# Work item:
Set down the final stretch of the data, from the line that holds "- CPU cooler hasta 165 mm y GPU hasta 325 mm" through the last line, both included, with pictures left out.

___ Provided data

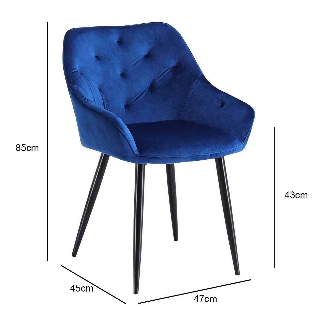 Čalouněná sametová židle Marion značky Intesi je spojením elegance, pohodlí a moderního stylu v jednom kuse nábytku. Vyniká měkkým, tmavě modrým sametem, prošívaným sedákem a černou, stabilní základnou z práškově lakované oceli. Široké područky a ergonomické opěradlo zajišťují, že model Marion perfektně poslouží jako jídelní židle, ale také jako židle do obývacího pokoje nebo stylového koutku u toaletního stolku.
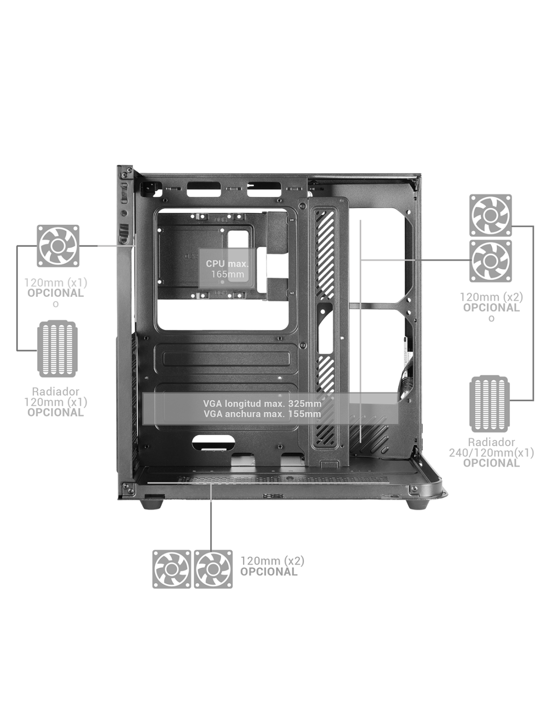 - CPU cooler hasta 165 mm y GPU hasta 325 mm
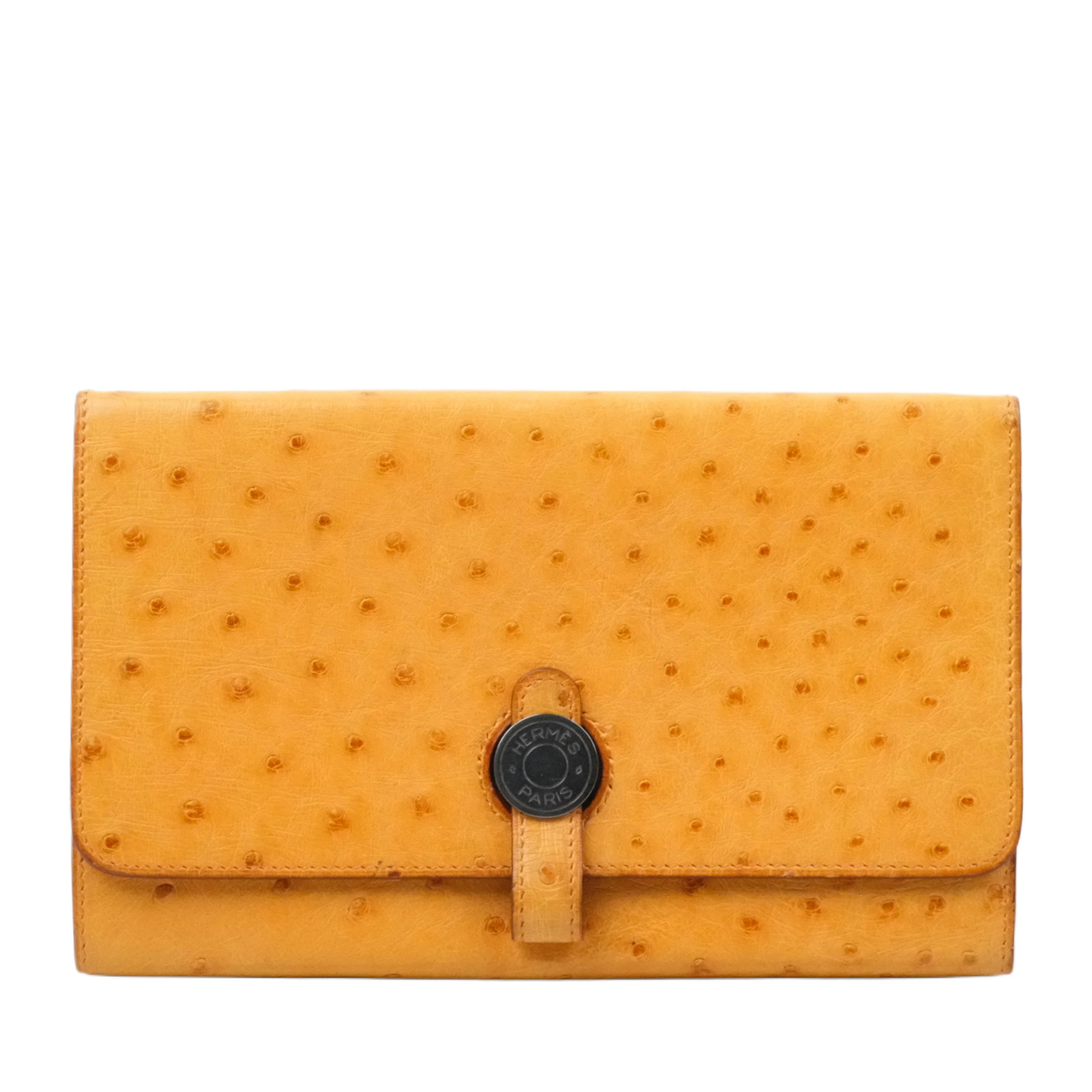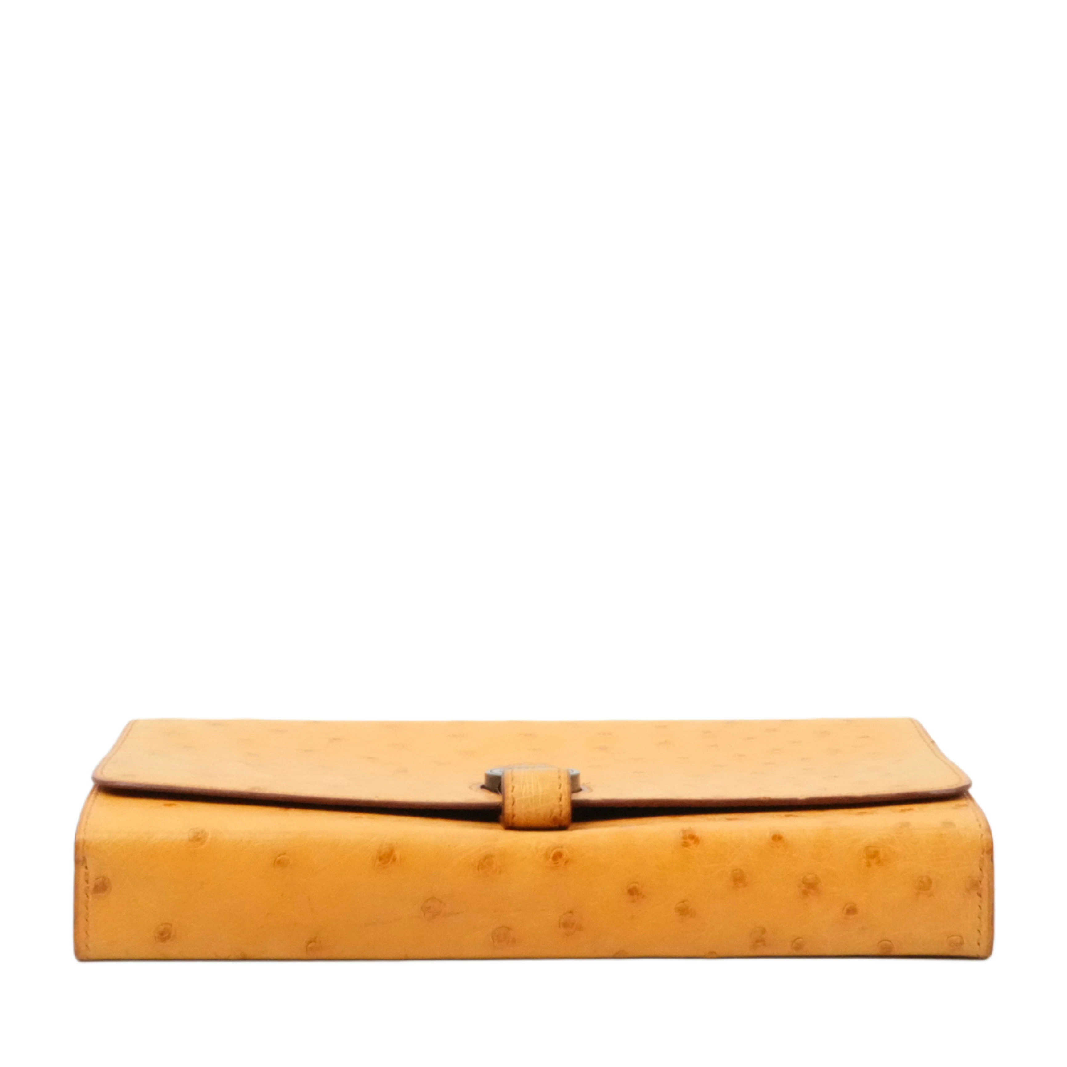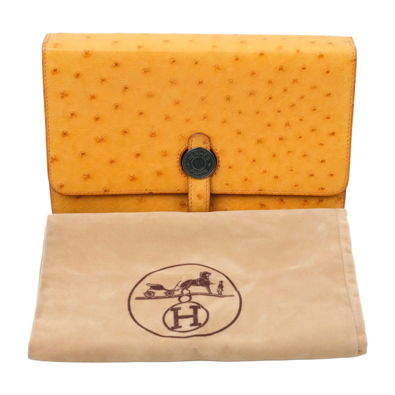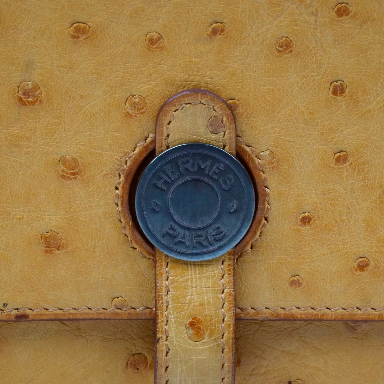 【中古・VINTAGE】 HERMES エルメス ボックス型クラッチバッグ ハンドバッグ イエロー オーストリッチ ヴィンテージ Box-shaped Clutch Bag/Handbag
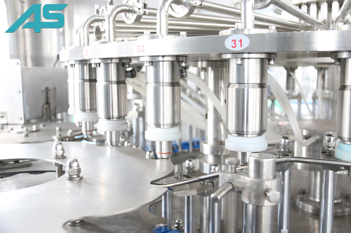 本設(shè)備是集沖瓶、灌裝、封口于一體,全自動系統(tǒng)由PLC可編程控制系統(tǒng)控制,觸摸屏操作,高速運轉(zhuǎn),其中臺面采用的是雙層臺面,臺面上的機器連接結(jié)構(gòu)降低重心,旋蓋頭的間距減低,同時在里面增加磁鐵數(shù),扭力均勻且可調(diào)節(jié)。另外旋蓋部分做成一體式,更加結(jié)實耐用。

______

# Task answer:
 - CPU cooler hasta 165 mm y GPU hasta 325 mm
 【中古・VINTAGE】 HERMES エルメス ボックス型クラッチバッグ ハンドバッグ イエロー オーストリッチ ヴィンテージ Box-shaped Clutch Bag/Handbag
 本設(shè)備是集沖瓶、灌裝、封口于一體,全自動系統(tǒng)由PLC可編程控制系統(tǒng)控制,觸摸屏操作,高速運轉(zhuǎn),其中臺面采用的是雙層臺面,臺面上的機器連接結(jié)構(gòu)降低重心,旋蓋頭的間距減低,同時在里面增加磁鐵數(shù),扭力均勻且可調(diào)節(jié)。另外旋蓋部分做成一體式,更加結(jié)實耐用。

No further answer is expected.